Throwable.printStackTrace(): We'll use the VM.sysWriteln()
function,
Throwable.printStackTrace(): instead of the System.err stream, to
avoid trouble.
java.lang.OutOfMemoryError
....
The machine I am using to run this application is an SMP and
multiple threads may access the allocator at the same time. Is it
possible, that while an attempt is taken to handle the out-of-memory
error, some other thread on a differen processor tries to allocate an
object and thus disturbs the entire process?
Best regards
Adam Welc
Logged In: YES
user_id=1253816
Hi Adam,
Since the failing request is for a small object (56 bytes), the cause is
definitely not a virtual address
range imbalance. That usually results from allocating many large objects
instead. When a GC request fails,
a GC is triggered and the allocation request is retried (up to 3 times) before
memory is considered
exhausted. The problem is that in the presence of many threads (perhaps
hundreds - you seem to be up to
200), this mechanism might be too sensitive and not realize that progress
is being made (albeit on other
threads). One easy thing you can do is to increase the magic value 3.

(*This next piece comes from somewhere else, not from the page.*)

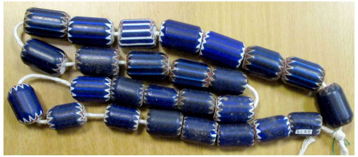 ETHNOGRAPHIC: AFRICA: trade bead necklace (389g), Opitz p.42, string of classic 4-layer "rosetta" chevron beads, with 26 large blue, white and red beads ranging from 14mm to 18mm in diameter, lovely example, EF, ex Charles Opitz Collection.

The right thing to do is to detect
global progress (by other threads) and to retry indefinitely. This bug
exhibits the general lack of
communication between the GC module and the scheduler (or at least per-
thread allocation statistics).
Perry
Logged In: YES
user_id=1215435
Perry or Steve, could one of you either close the bug or
work with Adam to resolve?
Logged In: YES
user_id=1253816
I might have found the problem. In the Allocator class a thread makes
several (5 at the moment) attempts to perform allocation on the slow path
(in the allocSlowBody method) and fails with an error message if none of
the attempts is successfull.
It seems that the crashes I was observing occur when two threads enter
this method in parallel. The first thread sets the flag indicating that GC is
in progress. This causes calls to the poll() method to return NIL and as a
result all attempts of the other thread to acquire additional pages fail (even
though an attempt to acquire additional pages on the slow path is
synchronized - allocPages() method in MonotonePageResource class).
I have a fix that works for me (no more crashes), but it's really more of a
hack. I inserted the following code fragment at the end of the for loop in
the allocSlowBody() method (Allocator class) - isCollectionInitiated()

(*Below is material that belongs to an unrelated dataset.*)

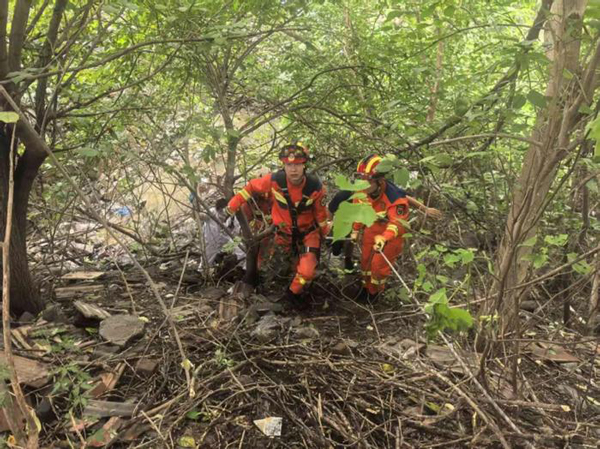 在石景山區(qū)五里坨街道胡家?guī)X北側(cè) 300 米拉拉湖水庫下山區(qū),一名男子因在水庫邊釣魚時不慎墜落到背后的山溝里,腿部受傷被困,情況十分危急。

method returns true if collectionsInitiated flag is greater than 0, and false if
it equal to 0:
This causes a thread that attempts to acquire pages once a collection is
initiated to yield, allow the collection to finish and only then re-attemting
the acquire.
Best regards
Adam
Logged In: YES
user_id=1215435
Let's try to get Adam's fix (or something equivalent) in
before next release.
Logged In: YES
user_id=308843
Originator: NO
This looks as though it's fixed, can we close the tracker?
Logged In: YES
user_id=308843
Originator: NO
Closing as Daniel made many improvements in this area and this shouldn't be an issue any more. Re-open if it is.